Could you copy every record exactly, leaving the pictures behind?

___ Data for this task

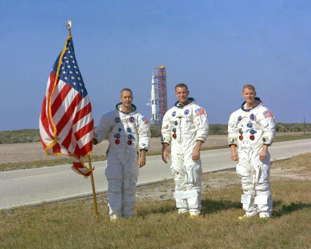 CAPE CANAVERAL, Fla. – Apollo 9 astronauts, left to right, James McDivitt, David Scott and Russell Schweickart pause in front of the Apollo/Saturn V space vehicle that will launch Apollo 8 space pilots Frank Borman, James Lovell and William Anders on a planned lunar orbital mission. The 363-foot-high space vehicle will lift off from the Kennedy Space Center's Launch Complex 39A. Gaseous liquid oxygen is venting from the vehicle's first stage during recent Countdown Demonstration Test. Photo credit: NASA
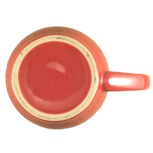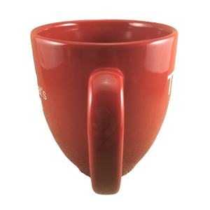 Condition note: there is obvious wear present on the bottom rim. Please see the last photo for a look at this. There are a some places on the exterior surface where the finish is not absolutely perfect, I could not capture these in the photos because you have to be looking at it from certain angles to see it. Please see the photos for an accurate look at this mug's condition which is very good to excellent. There are a few tiny spots where the white color in the letters is missing, this is visible in the T and E in TRUE. The paint on the handle has a sort of two tone appearance, it is not uniformly the same red color.
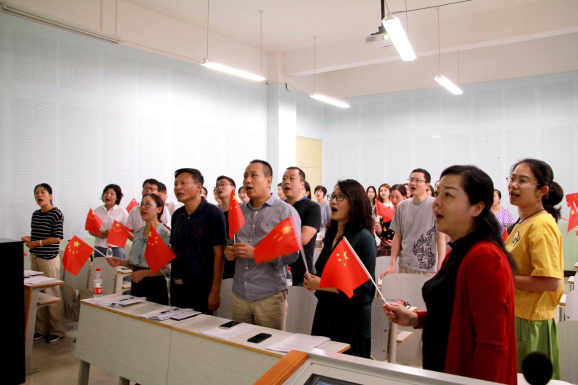 会议最后,为庆祝新中国成立70周年,全体党员唱响《我和我的祖国》来表达对祖国的热爱之情。
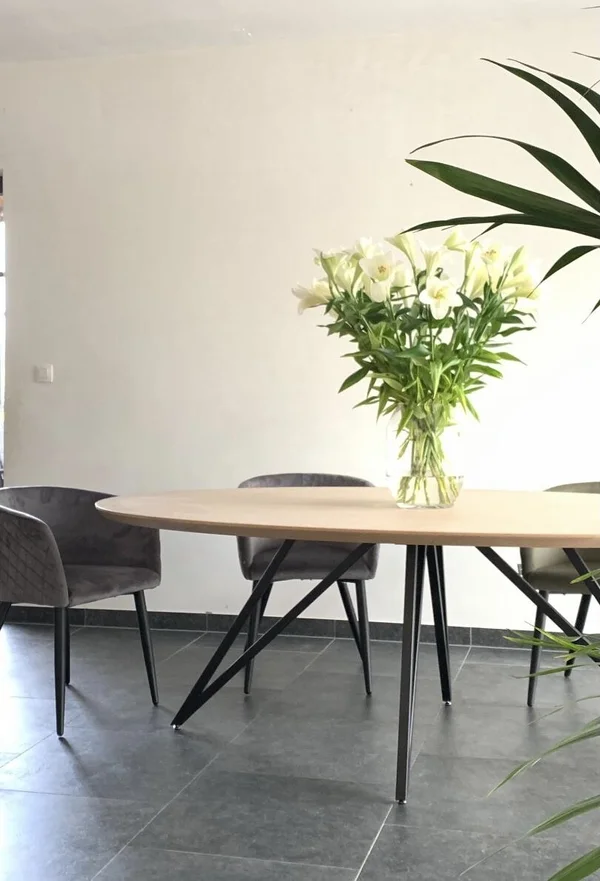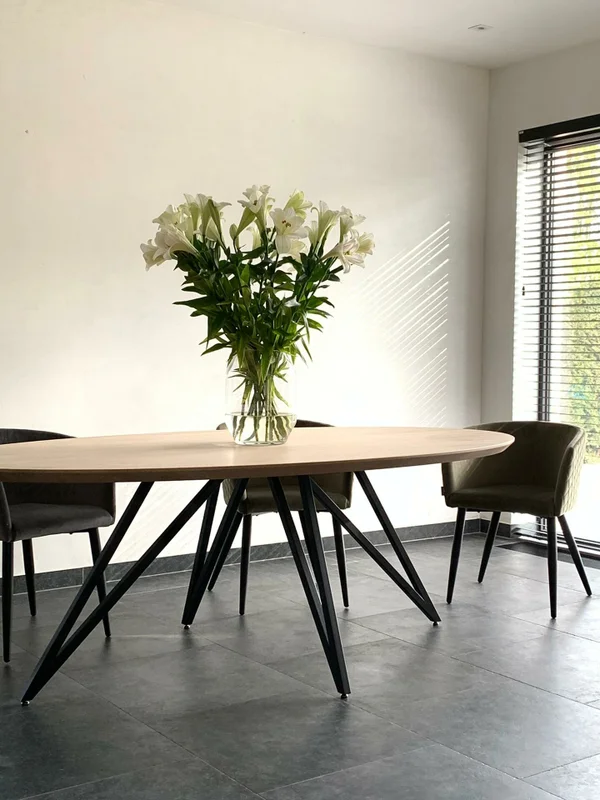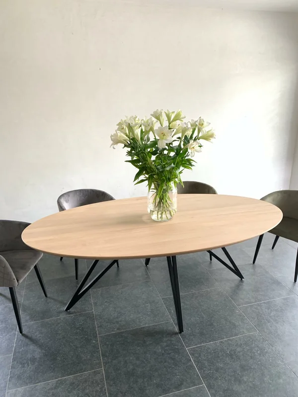 Eettafel Harper Elips in massieve eik. Bladdikte 4 cm met verjongde rand. Blad behandeld met een matte invisible coating. Afmetingen op foto: 240×120 cm. Hoogte 76 cm. Maatwerk mogelijk.
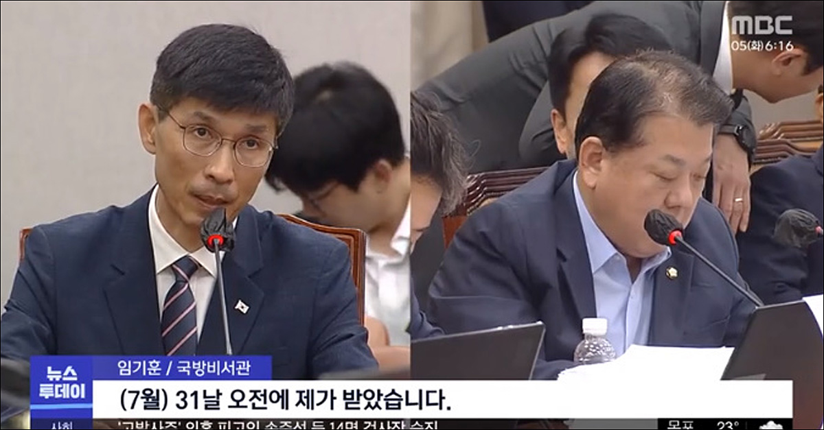 김병주 의원이 “(회의에서 대통령께)국방비서관도 보고 드렸는가”라고 묻자 임 비서관은 “저는 보고드린 바 없다”고 답했다.

______

- [Reply to the exercise]:
 CAPE CANAVERAL, Fla. – Apollo 9 astronauts, left to right, James McDivitt, David Scott and Russell Schweickart pause in front of the Apollo/Saturn V space vehicle that will launch Apollo 8 space pilots Frank Borman, James Lovell and William Anders on a planned lunar orbital mission. The 363-foot-high space vehicle will lift off from the Kennedy Space Center's Launch Complex 39A. Gaseous liquid oxygen is venting from the vehicle's first stage during recent Countdown Demonstration Test. Photo credit: NASA
 Condition note: there is obvious wear present on the bottom rim. Please see the last photo for a look at this. There are a some places on the exterior surface where the finish is not absolutely perfect, I could not capture these in the photos because you have to be looking at it from certain angles to see it. Please see the photos for an accurate look at this mug's condition which is very good to excellent. There are a few tiny spots where the white color in the letters is missing, this is visible in the T and E in TRUE. The paint on the handle has a sort of two tone appearance, it is not uniformly the same red color.
 会议最后,为庆祝新中国成立70周年,全体党员唱响《我和我的祖国》来表达对祖国的热爱之情。
 Eettafel Harper Elips in massieve eik. Bladdikte 4 cm met verjongde rand. Blad behandeld met een matte invisible coating. Afmetingen op foto: 240×120 cm. Hoogte 76 cm. Maatwerk mogelijk.
 김병주 의원이 “(회의에서 대통령께)국방비서관도 보고 드렸는가”라고 묻자 임 비서관은 “저는 보고드린 바 없다”고 답했다.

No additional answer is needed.